Before retiring in March last year, Ms Yunupingu worked as a teacher at the Yirrkala Bilingual School for more than four decades where she championed education in both English and Yolngu Matha.
In 2005, she was recognised as a “teacher of excellence” by the NT education department and made an honorary fellow at Charles Darwin University.
In accepting the award in Canberra on Thursday night, Ms Yunupingu said her work at the Yirrkala school was her “most treasured accomplishment in life beside my family and community”.
“As a young woman I was curious to know where education would take me, I was inspired by teachers and my leaders but all those years I never expected that I was going to become a teacher linguist,” she said.
“I worked at Yirrkala bilingual school teaching Yolngu children for over 40 years, through this I became a teacher specialist in both worlds to benefit my people and community but also to support non-Indigenous people to understand the real meaning of education in both worlds.”
Ms Yunupingu said it had been “a long and interesting journey” with “lots of ups and downs” but “it was my passion for education that kept me going”.

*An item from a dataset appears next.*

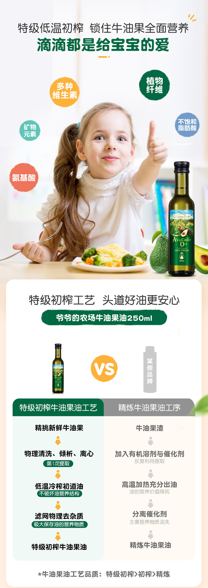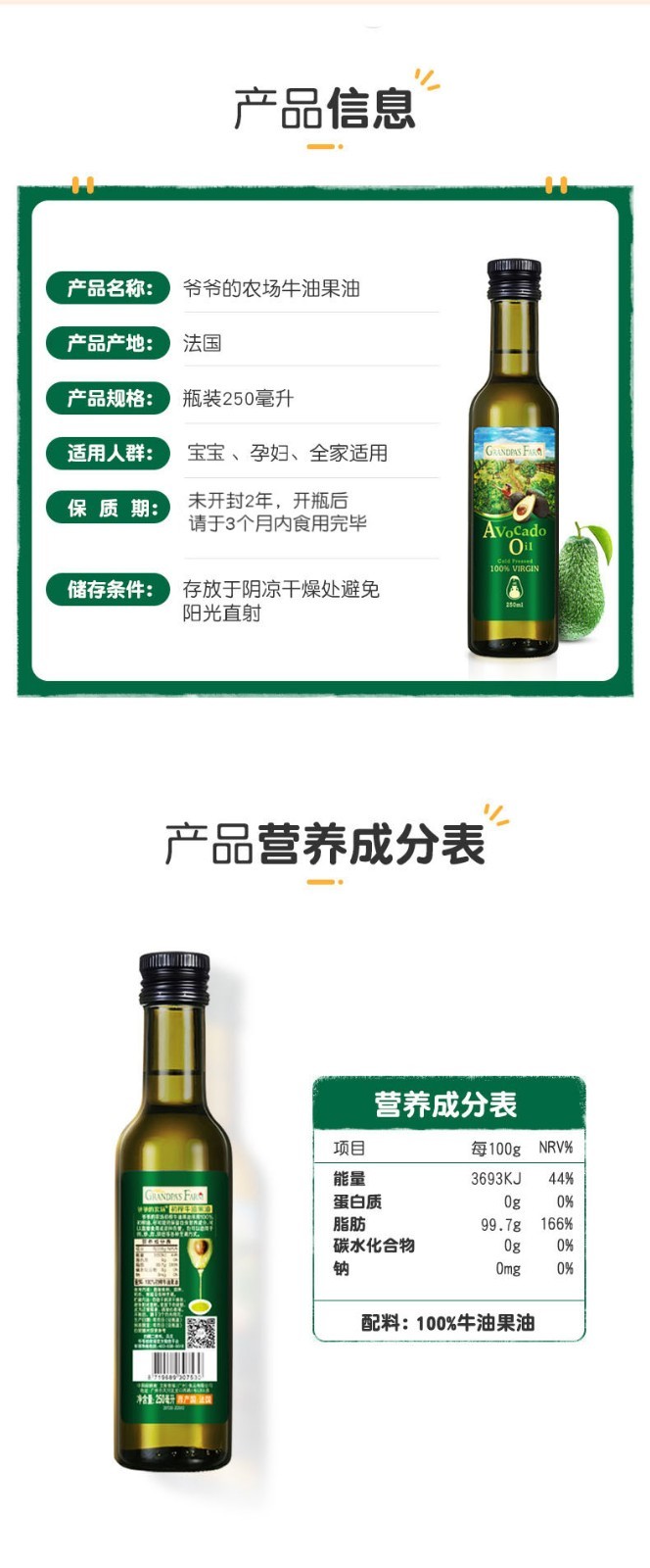 爷爷的农场初榨食用油 牛油果油 宝宝孕妇可用 250mL/瓶

“I might have retired from school but I haven’t stopped wanting to educate people to see the benefit in both worlds way of working, Yolngu and balanda education.”
Since retiring, Ms Yunupingu has been teaching younger generations about traditional healing and made an impassioned plea for more support for Aboriginal medicine.
“Our people are sick and dying, young and old, unfortunately western medicine is not working on its own, we need to marry both worlds of healing,” she said.
“We need to give priority to cultural ways of healing to bring balance for better outcomes in education and health — we can’t do this on our own, we need your help to work together.
“We need to understand and respect the power of Yolngu healing, we need equal rights, including funding services and resources so we can work side-by-side and support each other and together we can share new ideas to heal our nation.
“Let’s all stand up and work together.”